In court, the lorry company's hot-shot solicitor was questioning Seamus..

'Didn't you say to the Police at the scene of the accident, 'I'm fine?'

asked the solicitor.

Seamus responded: 'Well, I'll tell you what happened. I had just loaded my favourite cow, Bessie, into the....'

'I didn't ask for any details', the solicitor interrupted. 'Just answer the question. Did you not say, at the scene of the accident,'I'm fine!'?'

 

Seamus said, 'Well, I had just got Bessie into the trailer and I was driving down the road....'

 

The solicitor interrupted again and said, 'Your Honour, I am tryingto establish the fact that, at the scene of the accident, this man told the police on the scene that he was fine. Now several weeks after the accident, he is trying to sue my client. I believe he is a fraud. Please tell him to simply answer the question.'

By this time, the Judge was fairly interested in Seamus's answer and said to the solicitor: 'I'd like to hear what he has to say about his favourite cow, Bessie'.

 

Seamus thanked the Judge and proceeded. 'Well as I was saying, I had?just loaded Bessie, my favourite cow, into the trailer and was driving her down the road when this huge lorry and trailer came through a stop sign and hit my trailer right in the side. I was thrown into one ditch and Bessie was thrown into the other. I was hurt, very bad like, and didn't want to move.
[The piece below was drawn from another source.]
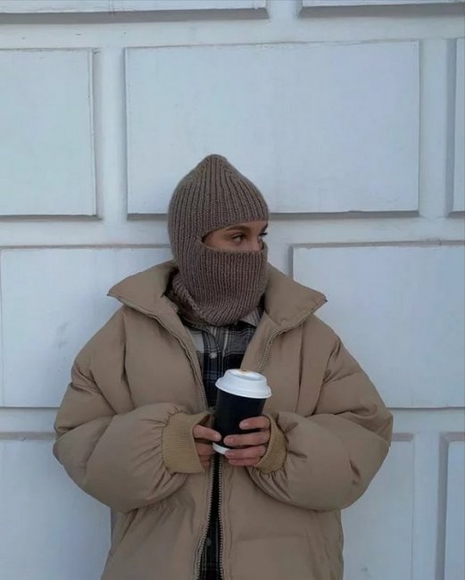 Любительницы нестандартных решений смогут обратиться к оригинальной тенденции и подобрать шапку-балаклаву. Преимущество головного убора заключается в том, что он максимально защитит от холода. Это обусловлено необычным фасоном, прикрывающим нижнюю часть лица. Видимыми для обозрения остаются только глаза и брови. Стилисты рекомендуют подбирать балаклаву, оснащённую змейкой-молнией. При необходимости деталь можно расстегнуть и оставить лицо открытым.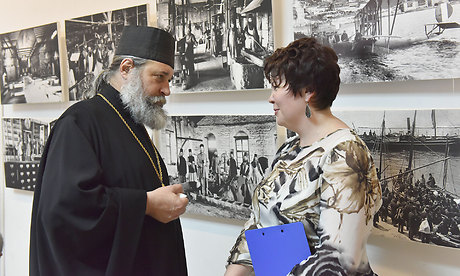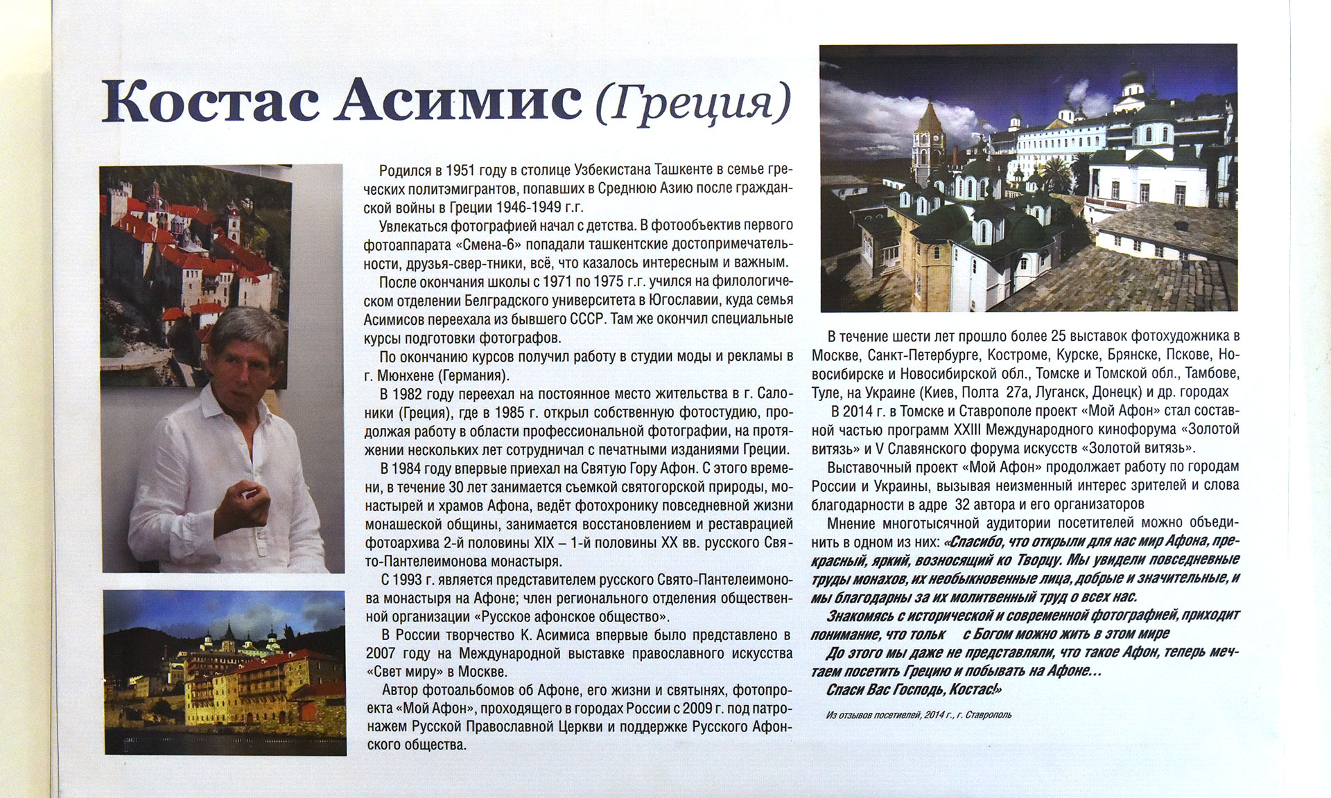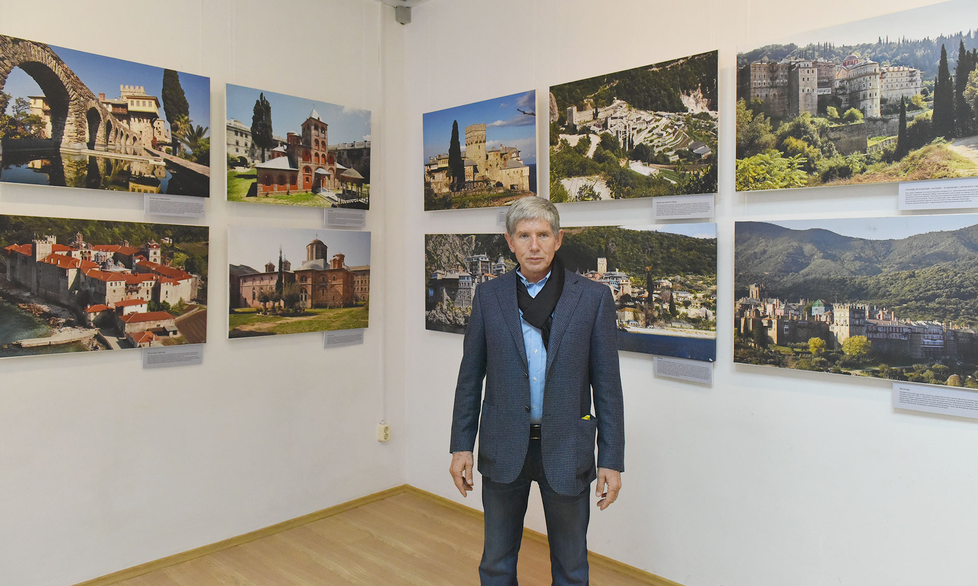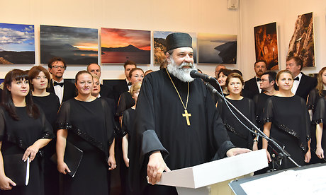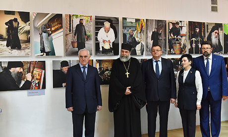 Автор выставки, греческий фотохудожник, представитель русского на Афоне Свято-Пантелеймонова монастыря Костас Асимис поблагодарил всех, кто пришел на выставку, и провел экскурсию по выставочному залу.

However, I could hear old Bessie moaning and groaning. I knew she was in terrible pain just by her groans.

 

 

Shortly after the accident, a policeman on a motorbike turned up. He could hear Bessie moaning and groaning so he went over to her. After he looked at her, and saw her condition, he took out his gun and shot her between the eyes..

Then the policeman came across the road, gun still in hand, looked at me, and said, 'How are you feeling?'

'Now what the F**k would you have said?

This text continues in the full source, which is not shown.